SUPPLIED MATERIAL:
● ● ● ●

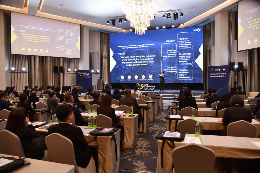 สำนักงานส่งเสริมเศรษฐกิจดิจิทัล (depa) โดย ดร.วาริน รัชนานุสรณ์ รักษาการรองผู้อำนวยการใหญ่ depa ดร.จักกนิตต์ คณานุรักษ์ ผู้อำนวยการฝ่ายส่งเสริมการพัฒนากำลังคนดิจิทัล depa และผศ.(พิเศษ) ดร. อภิสิทธิ์ ฉัตรทนานนท์ ที่ปรึกษาหลักสูตรฯ ร่วมเปิดการอบรมหลักสูตรผู้นำการส่งเสริมเศรษฐกิจดิจิทัล (Digital CEO) รุ่นที่ 9 อย่างเป็นทางการ สานต่อภารกิจการมุ่งพัฒนาผู้บริหารระดับสูง ให้มีศักยภาพด้านดิจิทัลและความพร้อมในการนำเทคโนโลยีสมัยใหม่ไปสู่การปรับเปลี่ยนองค์กรในทุกมิติ เพื่อขับเคลื่อนสังคมและเศรษฐกิจของประเทศด้วยเทคโนโลยีดิจิทัล ณ ห้องแกรนด์บอลรูม โรงแรมเอส 31 สุขุมวิท เมื่อเร็วๆนี้
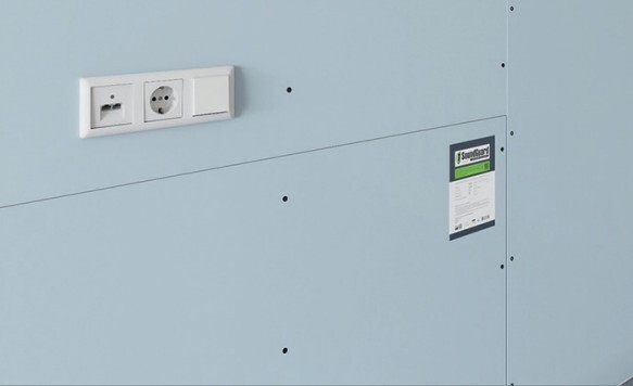На тыльную сторону звукоизоляционного гипсокартона SoundGuard Gipsofon укладывается звукоизоляционная мембрана SoundGuard Membrane 3,9 S.
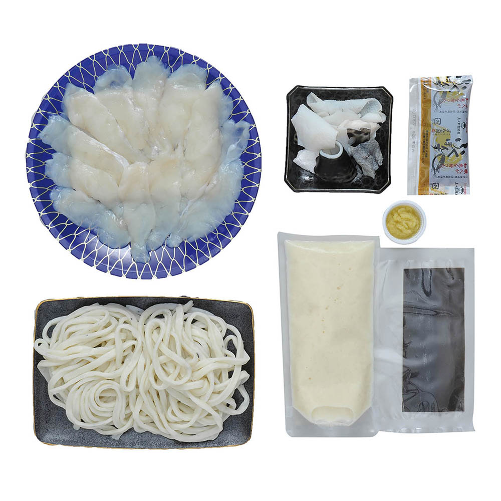 ■規格:まふくスライス150g、とらふくコラーゲンしゃぶ用皮40g、とらふく入りうどん250g、生姜(塩入り)16g、だし用昆布1枚、豆乳鍋の素180ml、ポン酢35g
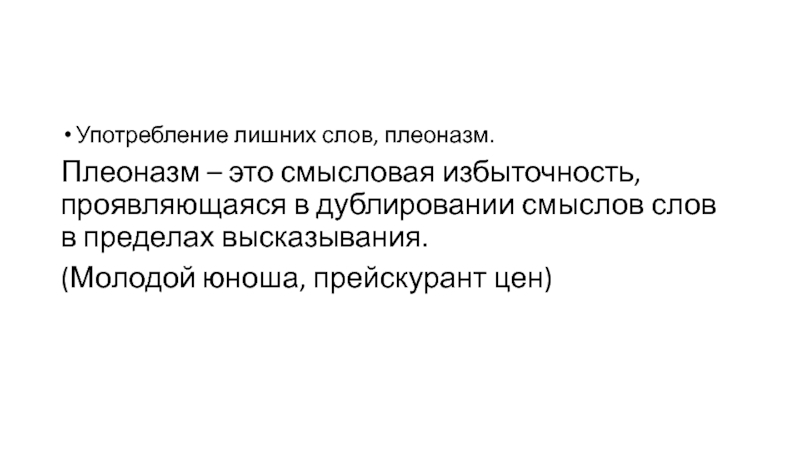 Употребление лишних слов, плеоназм.Плеоназм – это смысловая избыточность, проявляющаяся в дублировании смыслов слов в пределах высказывания.(Молодой юноша,

● ● ● ●

WHAT THE EXERCISE ASKS: Repeat the data above exactly, but not the pictures.

WRITTEN SOLUTION:
 สำนักงานส่งเสริมเศรษฐกิจดิจิทัล (depa) โดย ดร.วาริน รัชนานุสรณ์ รักษาการรองผู้อำนวยการใหญ่ depa ดร.จักกนิตต์ คณานุรักษ์ ผู้อำนวยการฝ่ายส่งเสริมการพัฒนากำลังคนดิจิทัล depa และผศ.(พิเศษ) ดร. อภิสิทธิ์ ฉัตรทนานนท์ ที่ปรึกษาหลักสูตรฯ ร่วมเปิดการอบรมหลักสูตรผู้นำการส่งเสริมเศรษฐกิจดิจิทัล (Digital CEO) รุ่นที่ 9 อย่างเป็นทางการ สานต่อภารกิจการมุ่งพัฒนาผู้บริหารระดับสูง ให้มีศักยภาพด้านดิจิทัลและความพร้อมในการนำเทคโนโลยีสมัยใหม่ไปสู่การปรับเปลี่ยนองค์กรในทุกมิติ เพื่อขับเคลื่อนสังคมและเศรษฐกิจของประเทศด้วยเทคโนโลยีดิจิทัล ณ ห้องแกรนด์บอลรูม โรงแรมเอส 31 สุขุมวิท เมื่อเร็วๆนี้
На тыльную сторону звукоизоляционного гипсокартона SoundGuard Gipsofon укладывается звукоизоляционная мембрана SoundGuard Membrane 3,9 S.
 ■規格:まふくスライス150g、とらふくコラーゲンしゃぶ用皮40g、とらふく入りうどん250g、生姜(塩入り)16g、だし用昆布1枚、豆乳鍋の素180ml、ポン酢35g
 Употребление лишних слов, плеоназм.Плеоназм – это смысловая избыточность, проявляющаяся в дублировании смыслов слов в пределах высказывания.(Молодой юноша,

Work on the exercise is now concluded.